Juvenile localized scleroderma often affects only skin tissues and does not harm major organs. It may get better or go away on its own. At some point, the hard skin may soften and only hyperpigmented (darkened) areas may persist. Old lesions can recur (come back), or new skin lesions can develop. Localized scleroderma rarely transforms into the more serious systemic sclerosis.
Some patients may end up with hardened skin, while others may suffer damage to the skin or limbs. Surgery may be necessary if the disease was not well-controlled when the patient was younger, and if there are deformities in the bones or face. Surgery should not be done until the child has finished growing and the disease is inactive. Juvenile localized scleroderma does not reduce a person's life expectancy.

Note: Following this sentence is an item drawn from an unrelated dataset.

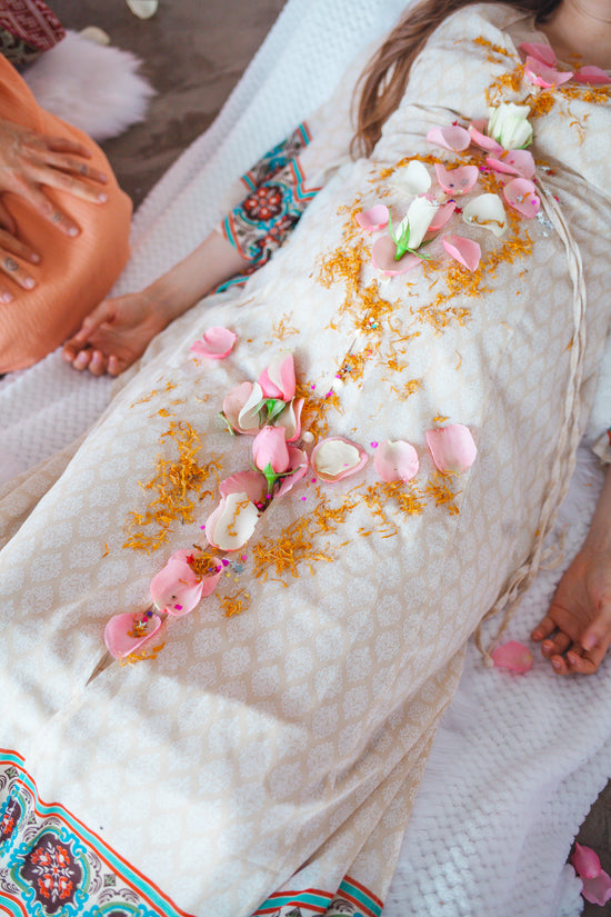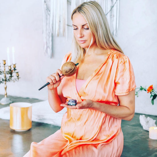 Vi lägger en blomster/ört mandala på din mage där vi i varje blad väver in en blessing, välkomnande och det som vill komma intuitivt. Det är en stund att verkligen medvetet för dig välkomna in det lilla livet. Vi aktiverar kristaller som kommer att läggas i ett knyte tillsammans med en del av de blommor som du haft på magen. Detta knyte får du med dig och kan läggas nära bebisen och under småbarnsåren för trygg energi och grundning. Du får också ta emot en Soundhealing för magen och så delar vi ett meddelande från din bebis som vi intuitivt får till oss.
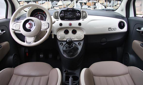 Στο εσωτερικό του ανανεωμένου Fiat 500 υπάρχουν πολλές αλλαγές, όπως είναι ο νέος ψηφιακός πίνακας οργάνων, το σύγχρονο σύστημα πολυμέσων U-Connect, το νέο ντουλαπάκι συνοδηγού, οι νέες ταπετσαρίες και οι αλλαγμένοι διακόπτες για τα ηλεκτρικά παράθυρα. Ποιοτικά στα σκληρά πλαστικά που έχουν χρησιμοποιηθεί δείχνουν συμπαγή και έχουν καλή συναρμογή, ενώ ιδιαίτερα παράπονα για την θέση οδήγησης και την εργονομία δεν υπάρχουν. Όσον αφορά στους χώρους, ο οδηγός και ο συνεπιβάτης δεν θα αντιμετωπίσουν κάποιο πρόβλημα (εκτός από την φαρδιά κεντρική κονσόλα), όμως πίσω οι ανέσεις είναι περιορισμένες για τη μετακίνηση ενήλικων ατόμων. Ικανοποιητικός κρίνεται για τα δεδομένα της κατηγορίας ο αποθηκευτικός χώρος των 185 λίτρων.

Children with morphea should live as normal a life as possible. They should attend school, play sports and take part in extracurricular and family activities.
In general, there are no specific limitations to physical activity children want to do (as long as it is safe). Exercise does no harm to children who have morphea; in fact, it helps prevent deconditioning and increases muscle strength and muscle endurance.
There is no special diet that has been shown to be effective for morphea nor worsen the condition. Therefore, children with morphea should eat a well-balanced healthy diet.
Is there a support group for people who have juvenile localized scleroderma?
The Scleroderma Foundation (https://www.scleroderma.org) is a non-profit organization dedicated to addressing the needs of adults and children who live with scleroderma in the United States. Many local and national events are organized to educate and connect patients and family.